======== Dataset excerpt ========
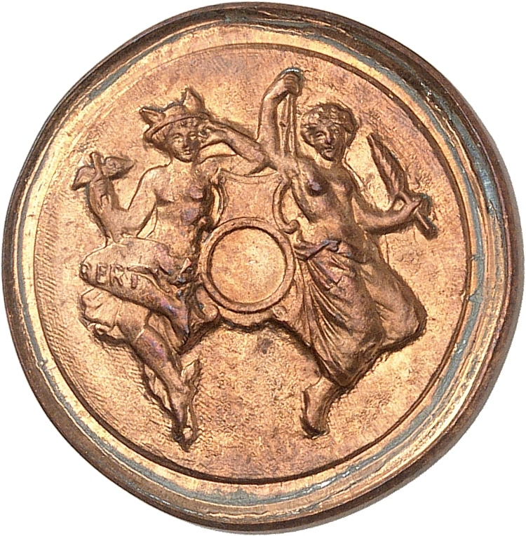 Rv. Autour du trou central rond, Mercure représentant le Commerce et allégorie représentant l’Industrie.
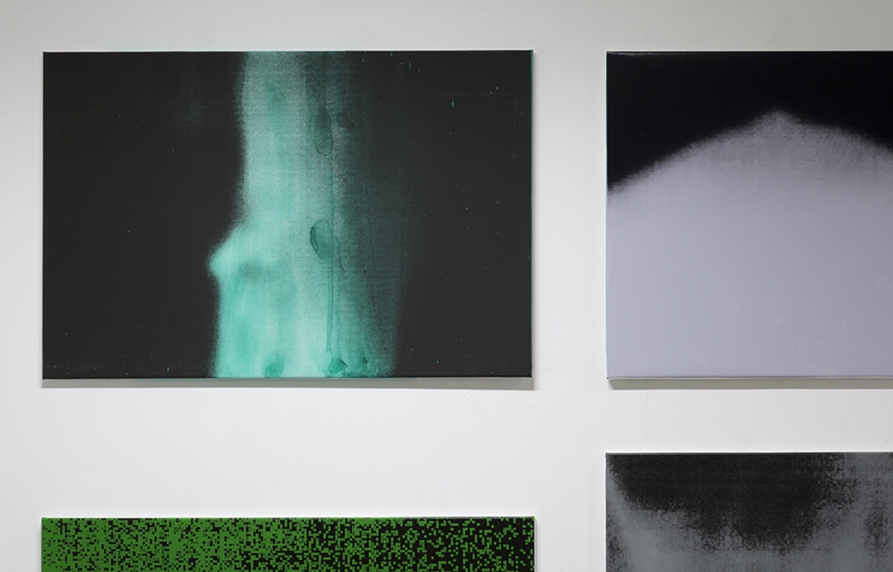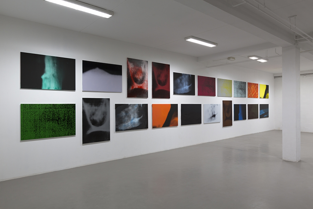 Beeldend kunstenaar Christine Moldrickx maakte verschillende werken met een infraroodlamp. Zo hing ze een warmtelamp boven een kartonnen doos met een smoezelige krant op de bodem. Het werk heet Vogelbox (2012). Op de krant is een lichtroze lichtplek zichtbaar waar mogelijk een vogel in de warmte heeft gelegen. Of misschien zelfs een ei heeft warm gehouden? Twee jaar geleden hing Modrickx een warmtelamp laag bij de grond, middenin de verdonkerde ruimte van Punt-WG in Amsterdam. Een donkerrode gloed verspreidde zich door het duister. Een vervolgstap van dit project was afgelopen maand te zien in galerie P/////AKT. Op basis van een serie warmtefoto’s besloot Moldrickx zelf kleurinterpretaties te geven aan de door haar vastgelegde warme lichaamsvormen. Dat resulteerde in het werk Herzschritt (Pace) Macher (Maker) (2021). Twintig grote zeefdrukken op canvas vertonen niet de standaard kleuren om warmte aan te duiden, want paars komt helemaal niet voor en geel maar één keer. Toch zijn de afbeeldingen stuk voor stuk herkenbare afdrukken van warme, plakkerige holtes die broeierig gloeien.
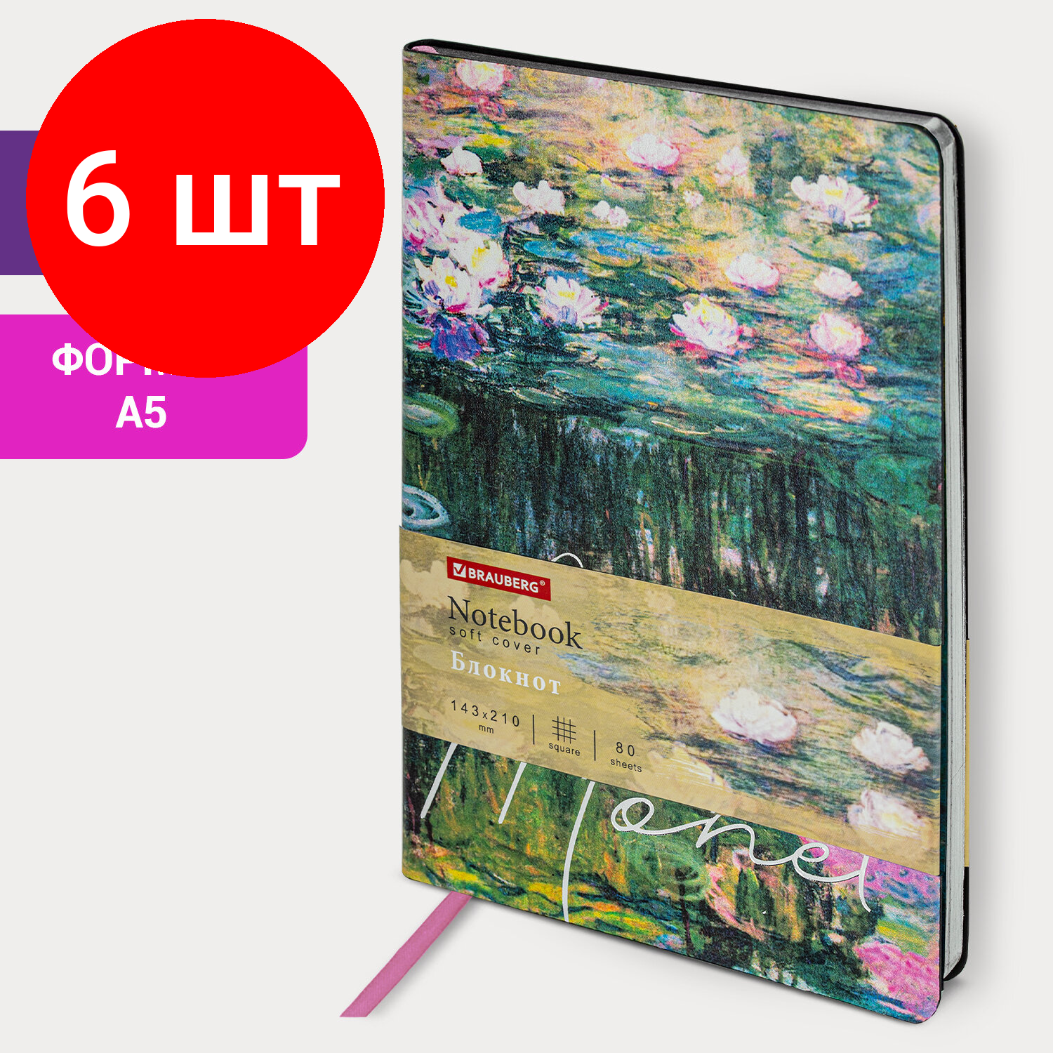 СохранитьКомплект 6 шт, Блокнот А5 (143x210 мм), BRAUBERG VISTA "Claude Monet", под кожу, гибкий, срез фольга, 80 л., 112058 интересное:
========
Task directions:
Everything in the preceding material must be transcribed exactly, except the images.

Answer to this exercise:
 Rv. Autour du trou central rond, Mercure représentant le Commerce et allégorie représentant l’Industrie.
 Beeldend kunstenaar Christine Moldrickx maakte verschillende werken met een infraroodlamp. Zo hing ze een warmtelamp boven een kartonnen doos met een smoezelige krant op de bodem. Het werk heet Vogelbox (2012). Op de krant is een lichtroze lichtplek zichtbaar waar mogelijk een vogel in de warmte heeft gelegen. Of misschien zelfs een ei heeft warm gehouden? Twee jaar geleden hing Modrickx een warmtelamp laag bij de grond, middenin de verdonkerde ruimte van Punt-WG in Amsterdam. Een donkerrode gloed verspreidde zich door het duister. Een vervolgstap van dit project was afgelopen maand te zien in galerie P/////AKT. Op basis van een serie warmtefoto’s besloot Moldrickx zelf kleurinterpretaties te geven aan de door haar vastgelegde warme lichaamsvormen. Dat resulteerde in het werk Herzschritt (Pace) Macher (Maker) (2021). Twintig grote zeefdrukken op canvas vertonen niet de standaard kleuren om warmte aan te duiden, want paars komt helemaal niet voor en geel maar één keer. Toch zijn de afbeeldingen stuk voor stuk herkenbare afdrukken van warme, plakkerige holtes die broeierig gloeien.
 СохранитьКомплект 6 шт, Блокнот А5 (143x210 мм), BRAUBERG VISTA "Claude Monet", под кожу, гибкий, срез фольга, 80 л., 112058 интересное:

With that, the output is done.